Мы с Гондзаэмоном осмотрели место для сэппуку. Во дворе внутреннего зала для гостей стояли большие скамьи, покрытые татами из белой пеньки. Со всех сторон их закрывали занавески, а напротив были установлены раздвижные ширмы из промасленной бумаги. Все выглядело слишком суровым.

Мы вызвали Укёнодаю и выразили возмущение: «Мы желаем знать, было ли это место подготовлено после того, как губернатору Симофуса отправили рисунок, или же непосредственно по его приказу. Даже если оно было подготовлено по указанию генерал-инспектора, не следует забывать, что Такуминоками – хозяин замка. Решение о его наказании было принято в соответствии с Путем самурая. При таких обстоятельствах недопустимо проводить сэппуку во дворе. Как бы двор ни был почтительно и пышно обустроен, двор есть двор. Если вы плохо относитесь к осужденному, это следует делать в доме. Мы не понимаем вашу позицию и доложим об этом».

Укёнодаю страшно разозлился: «Я сообщил обо всем генерал-инспекторам, показал им рисунок и получил их согласие. Раз это было сделано, я с трудом понимаю вас. Я только что слышал ваш спор с губернатором Симофуса. Идите и докладывайте сами».

«Мы доложим, – сказал я. – Даже если Такуминоками совершил проступок, он господин пятого ранга. Кроме того, он хозяин владений с годовым доходом в 50 000 коку. И если ему приказано покончить с собой, к нему следует относиться как к хозяину замка и знатному господину.

Если бы было проведено дальнейшее расследование и через какое-то время он был бы лишен титулов и рангов, вновь стал бы Матаситиро[207] и был бы приговорен к смерти, тогда – другое дело. Но приговор вынесли, когда он еще сохранял все свои земли и титулы, поэтому к нему следует относиться, как к даймё.
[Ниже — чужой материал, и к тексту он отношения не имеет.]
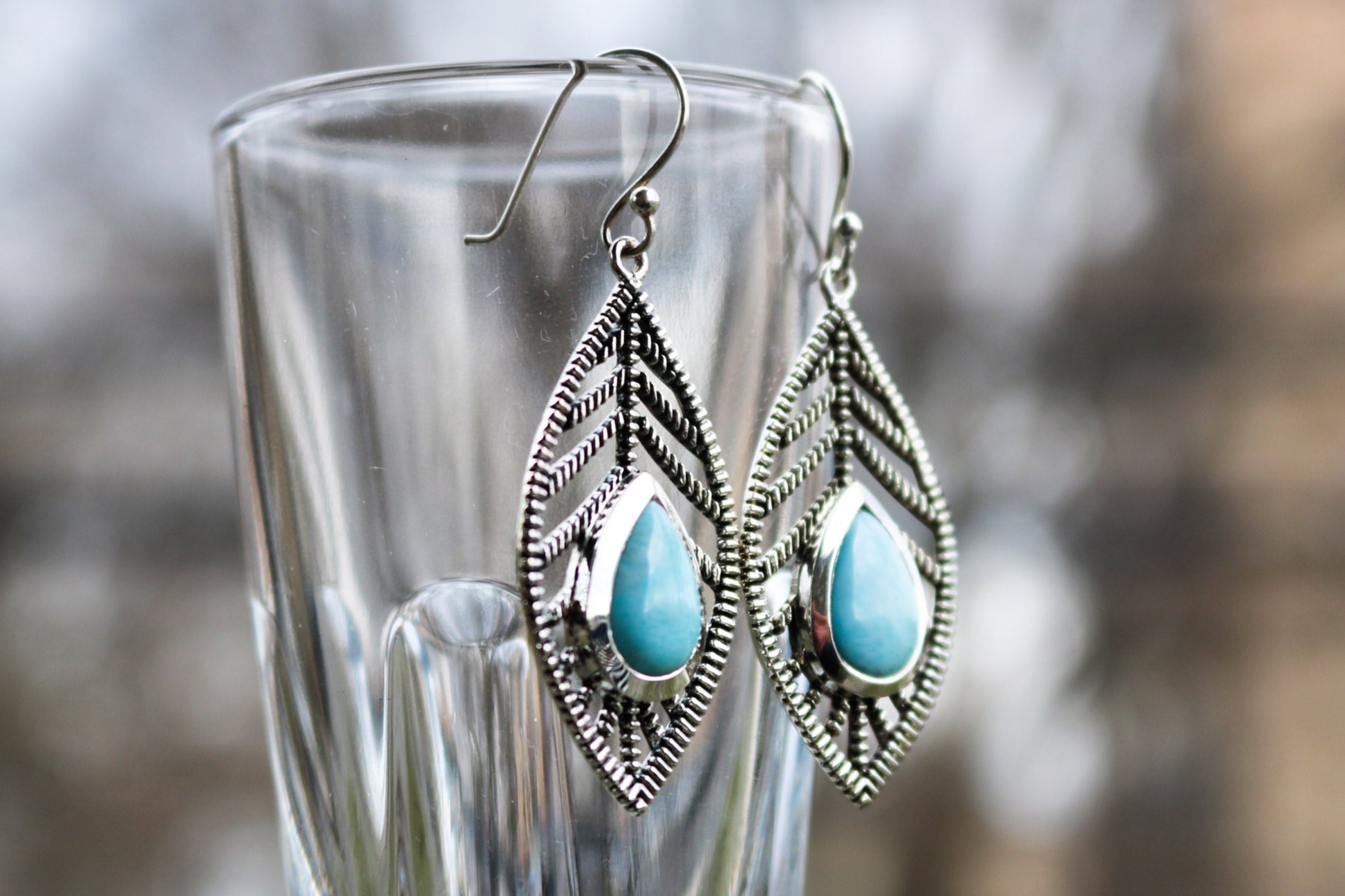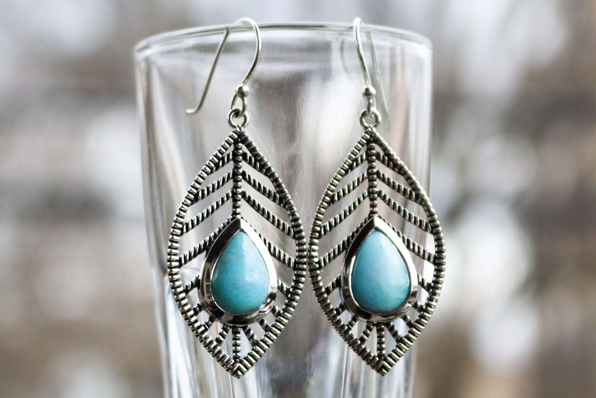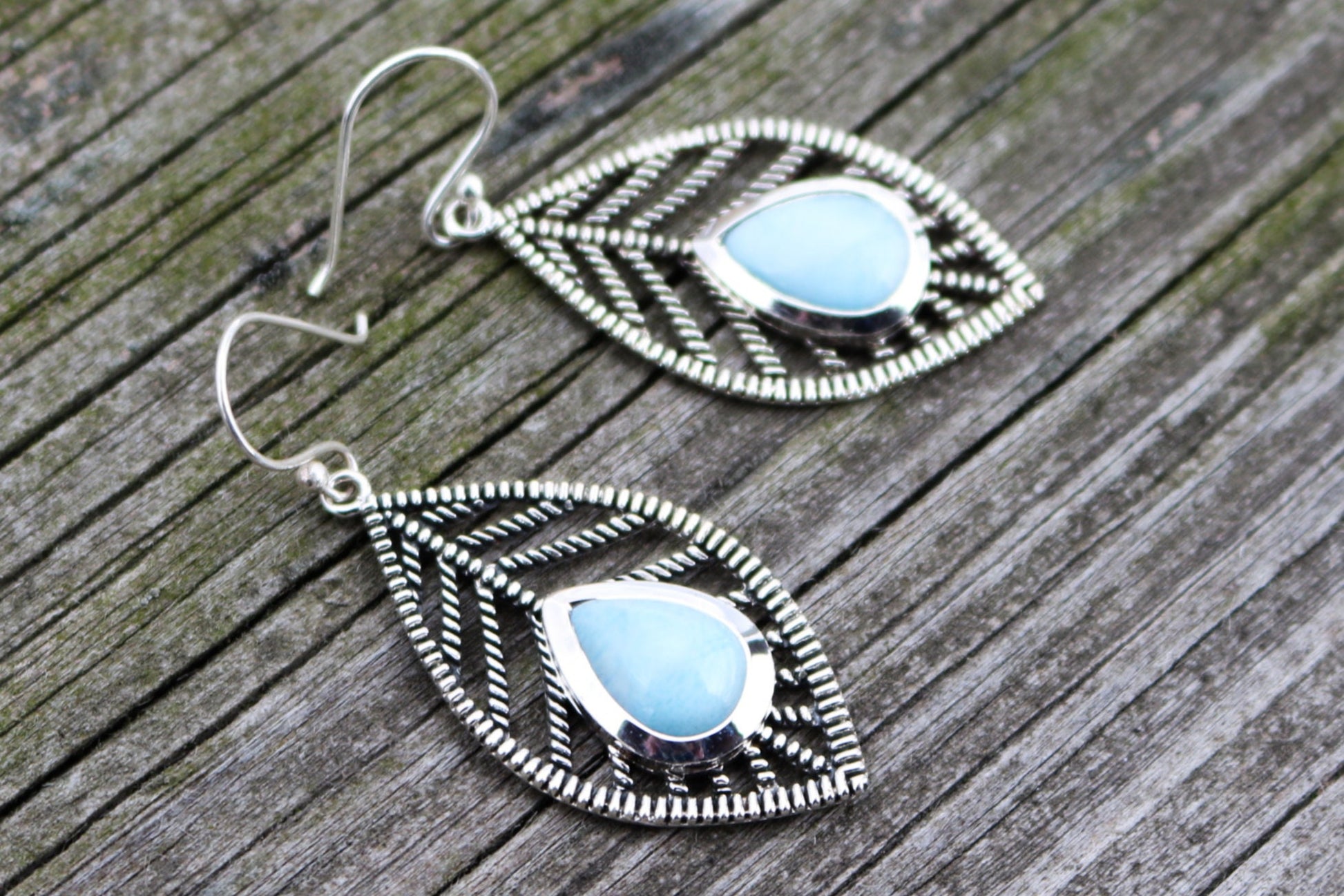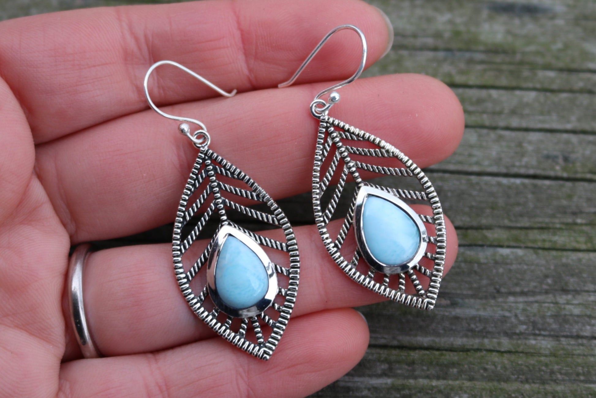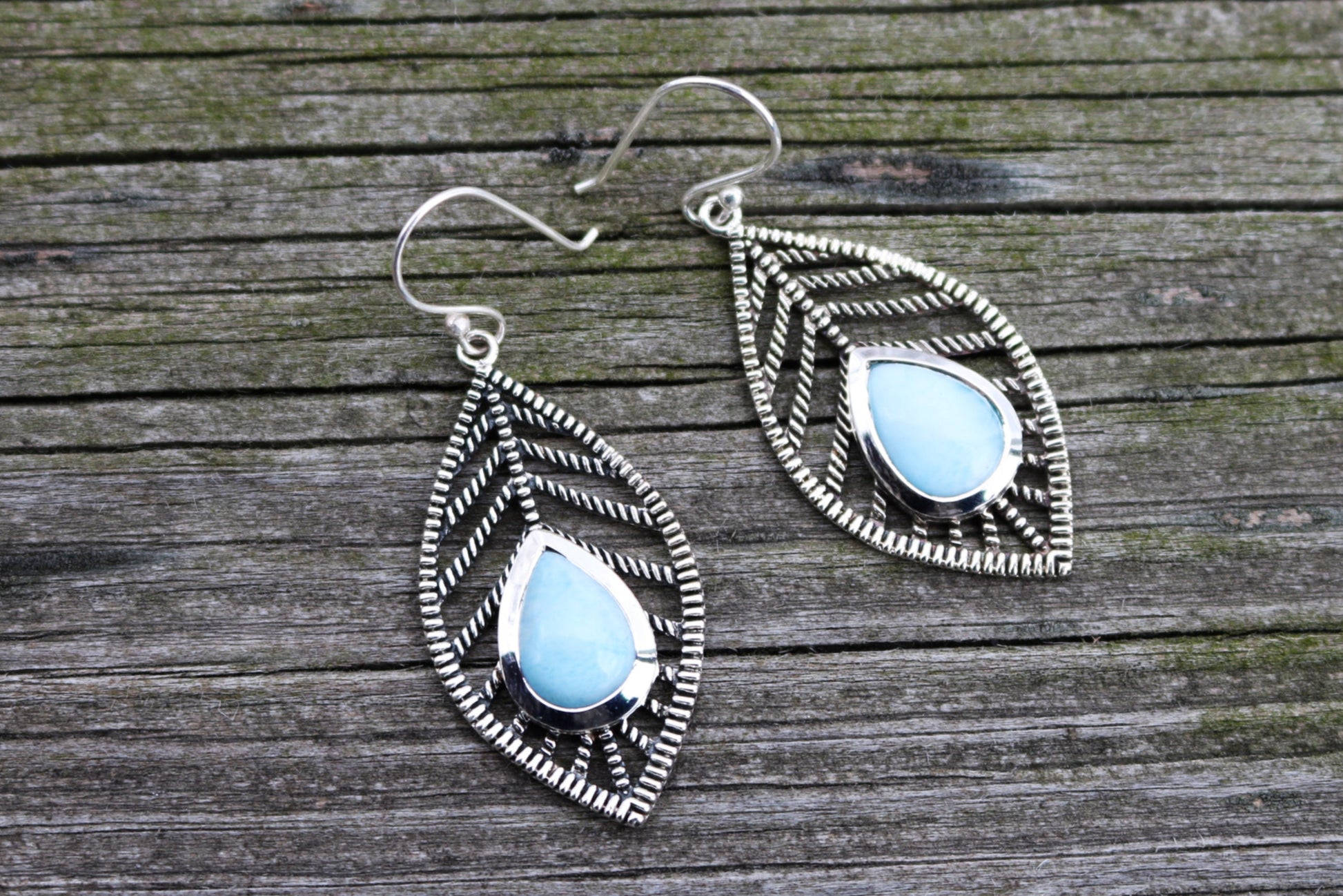 Larimar Earrings Leaf Dangling Ocean Summer Jewelry 2" 925 Silver
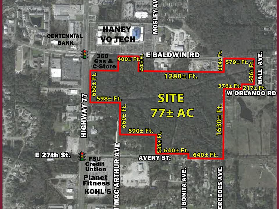 The very best commercial site in Panama City is now available for purchase. This 77± acre tract is located at and around the southeast corner of Highway 77 and Baldwin Rd between the new 360 Gas + C-store and Tonya's Garden, and adjacent to 360 on Baldwin Road. The opportunities are endless for a property with this size and location. Being near the middle of ALL commercial activity in Panama City and Lynn Haven makes this site worthy of your serious consideration. Two median cuts on Highway 77. Excellent location for a commercial development and multifamily on the rear.
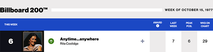 |Rita Coolidge.com|Rita Coolidge(Billboard Chart History)|
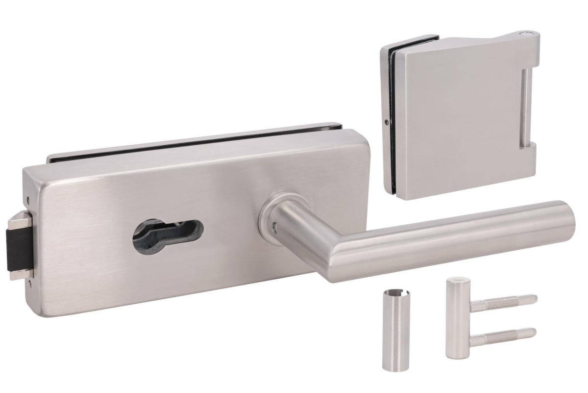 Kompletní sada kování pro skleněné dveře včetně integrovaného zamykání
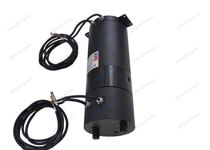 QCN0203-07P1 is CENO integrate pneumatic / hydraulic rotary union which combine 7 circuits 2A Electric signal and 2 channels gas with Max pressure 8Bar. Pneumatic – hydraulic integrate conductive slip ring can be divided into pneumatic conductive slip ring and hydraulic conductive slip ring according to the different transmission media. The working principle of pneumatic conductive slip ring is to transfer gas from the stator part to rotor device to complete the conductive transmission. More information please contact us
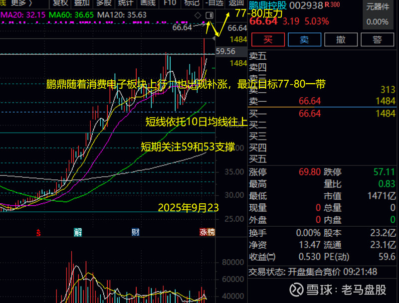 $鹏鼎控股(SZ002938)$ 随着消费电子板块上行,之前在PCB概念中滞后的鹏鼎也出现补涨,上面最近目标关注77-80.短期依托10和20日均线往上,另外算力板块再起,$英维克(SZ002837)$ 继续新高,后面也是依托10和20日线短线喝汤
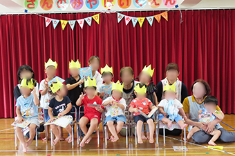 7月は、11名のお友達がお誕生日を迎え、ステージにあがりお祝いしてもらいました。
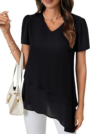 Vrtige Women’s V Neck Layer Blouse Short Sleeve Asymmetrical Top Loose Fit Long Pullover Blouse
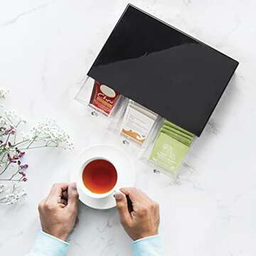 Show more Introducing the perfect storage solution for tea lovers - this versatile tea organizer is a blend of functionality and style! Constructed from high-quality thick plastic, this tea holder features multiple drawers designed to accommodate a variety of tea packets. With its sleek black and clear design, it looks stunning on any countertop or desk while keeping your tea collection organized.
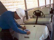 cart. Pete places the Amtrak logo on the cart.
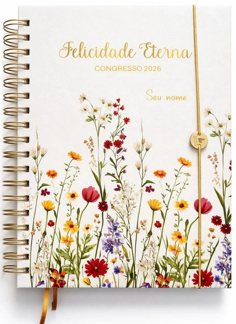 Caderno para Congresso que une estilo e praticidade, com fechamento em Wire-o, elástico e capa dura que protege suas anotações tão especiais do nosso Congresso.
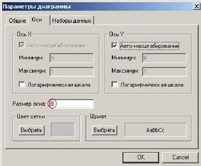 Аналогичным способом добавили переменную root.adopters. Затем изменили параметры диаграммы Подготовили модель к запуску. Выбрали Параметры диаграммы… из контекстного меню. В появившемся диалоговом окне задали временной диапазон диаграммы.
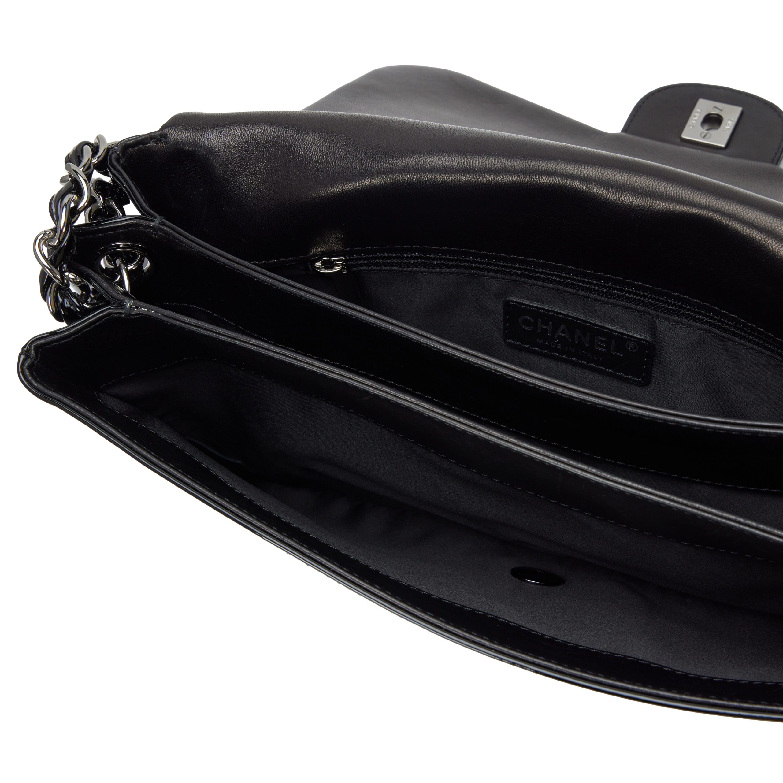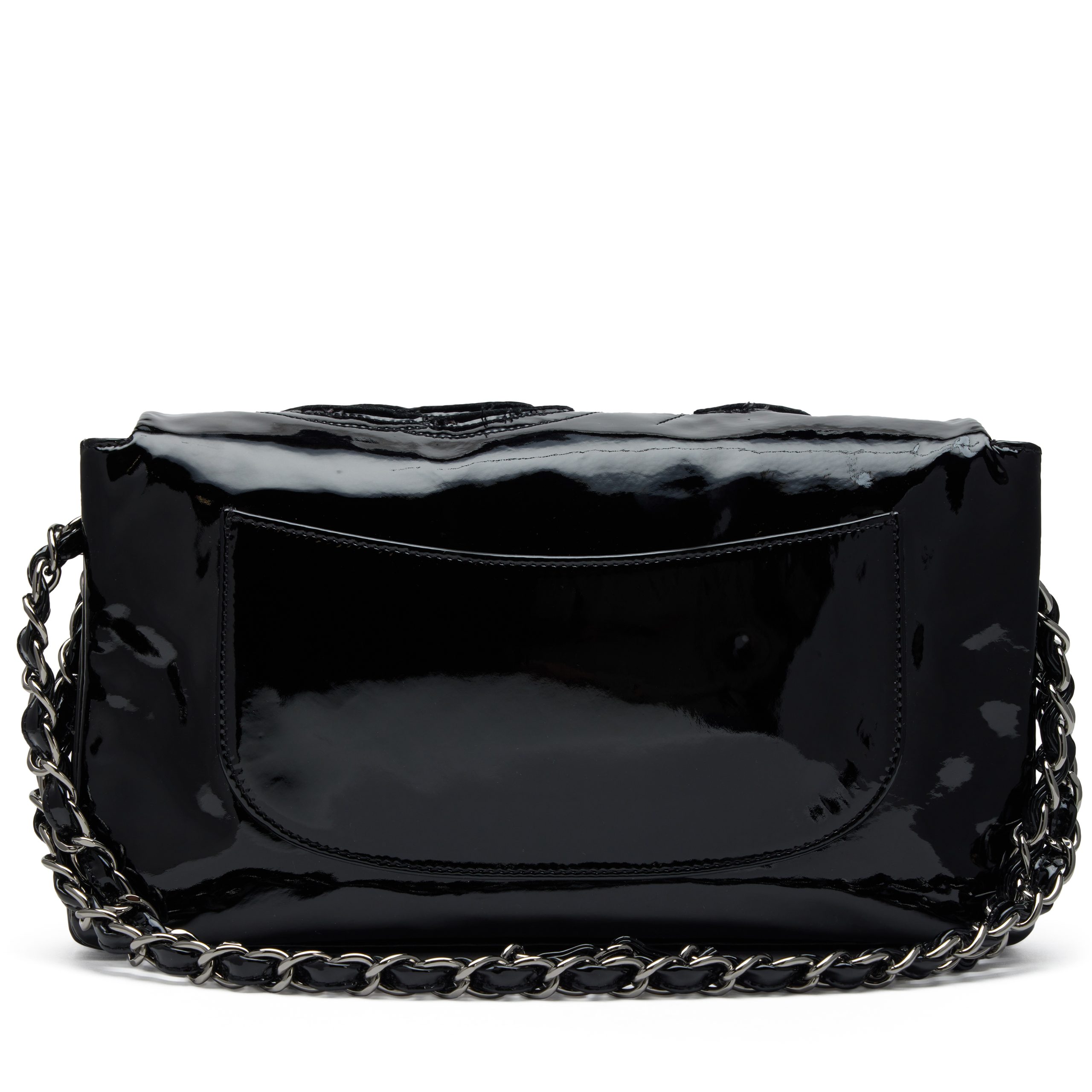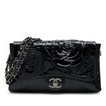 Chanel Black Patent Paris-Shanghai Tweed Camellia Petals Flap Bag Silver Hardware, 2010The interior is lined in a tonal textile materialIncludes authenticity card, care booklet and dust bagThis item is final sale and is not eligible for return
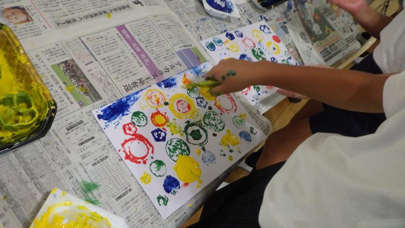 今回は、夏野菜を使ったスタンプで絵を作り上げました。
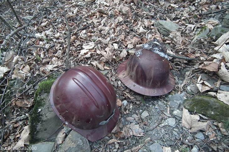 Casti din perioada Republicii Populare, din ebonita, produse la Buzau. Anii ’50 au trecut si ce era bun odinioara, azi sunt gunoaie. Insa cum au ajuns chestiile astea si cutiile din lemn prin acele locuri, in conditiile in care nu ai cum sa ajungi cu masina, ramane o necunoscuta. De ce sa le transporti cu mana pana acolo si sa le arunci mi se pare ciudat. Cand pubele de gunoi sunt peste tot… In fine :)
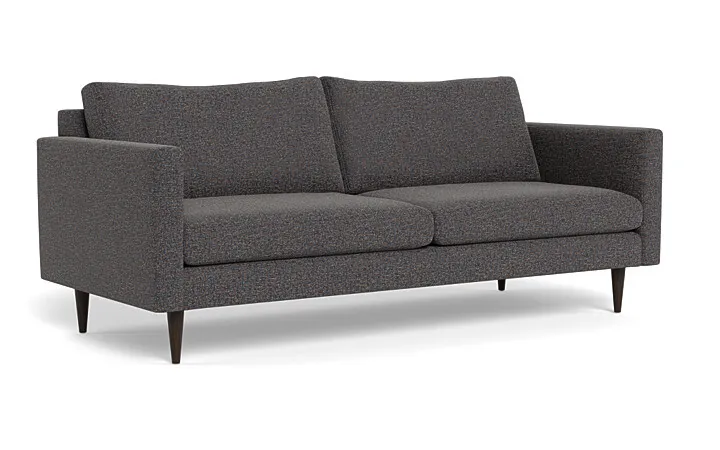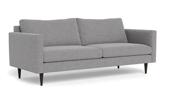 The Couch Potatoes Wallace Untufted Sofa features untufted back cushions and clean lines for a sophisticated feel. The wooden tapered legs of this sofa accentuate its Mid-Century style, and take this modern shape to an elevated level. Custom make your Wallace Untufted Sofa with our wide selection of other great fabric and leather options. The standard height Wallace seat sits at 19”. This sofa has a standard seat depth, and has firm cushions.
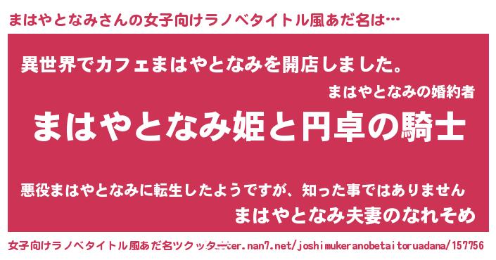 | 男性向けラノベタイトル風あだ名 | 『マハヤトナミアートオンライン』 |
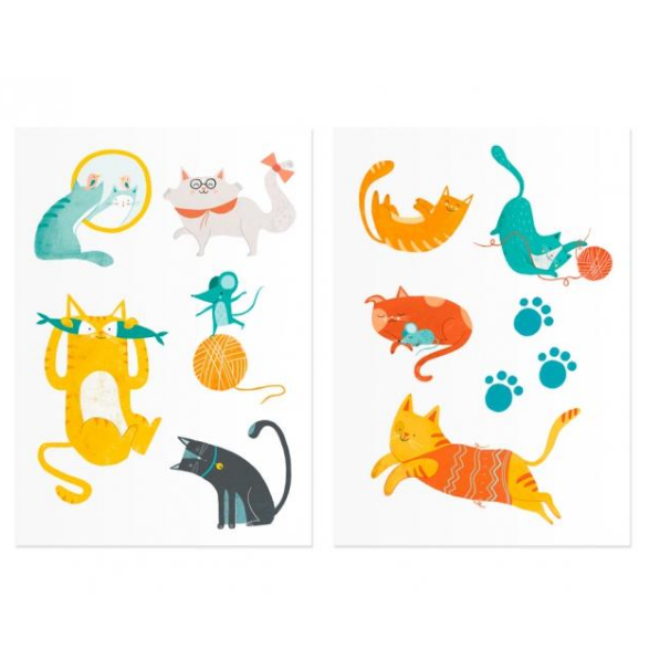 Lekko zwariowane, zmywalne tatuaże zostały opakowane w prezentowy kartonik w kształcie sympatycznego Kota. Do wyboru 10 wzorów z kotkami w roli głównej. Tatuaże to super zabawa i sprawdzona atrakcja dziecięcych przyjęć i spotkań towarzyskich!
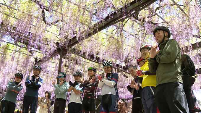 スタートから約2時間。藤の花が一面に広がる折り返し地点に着きました。参加者は「こんなにいっぱい咲いているとは思わなかった」と感動しています。サイクルツーリズムは、福岡県も新たな観光資源として力を入れています。サイクリングルートの設定やスタンドの設置、そのほか、外国人観光客を呼び込むための取り組みも進めています。

Что касается меня, то я, будучи уверен, что так сразу трудно разобраться в обстоятельствах происшествия, просил отложить на несколько дней приведение приговора в отношении Такуминоками в исполнение. Но мою просьбу отклонили и, более того, меня заключили под стражу».

Укёнодаю хорошо понял мои доводы и в некотором смущении сказал, что, конечно, все следовало бы сделать иначе. Но в конце добавил: «Теперь, к сожалению, уже ничего нельзя изменить».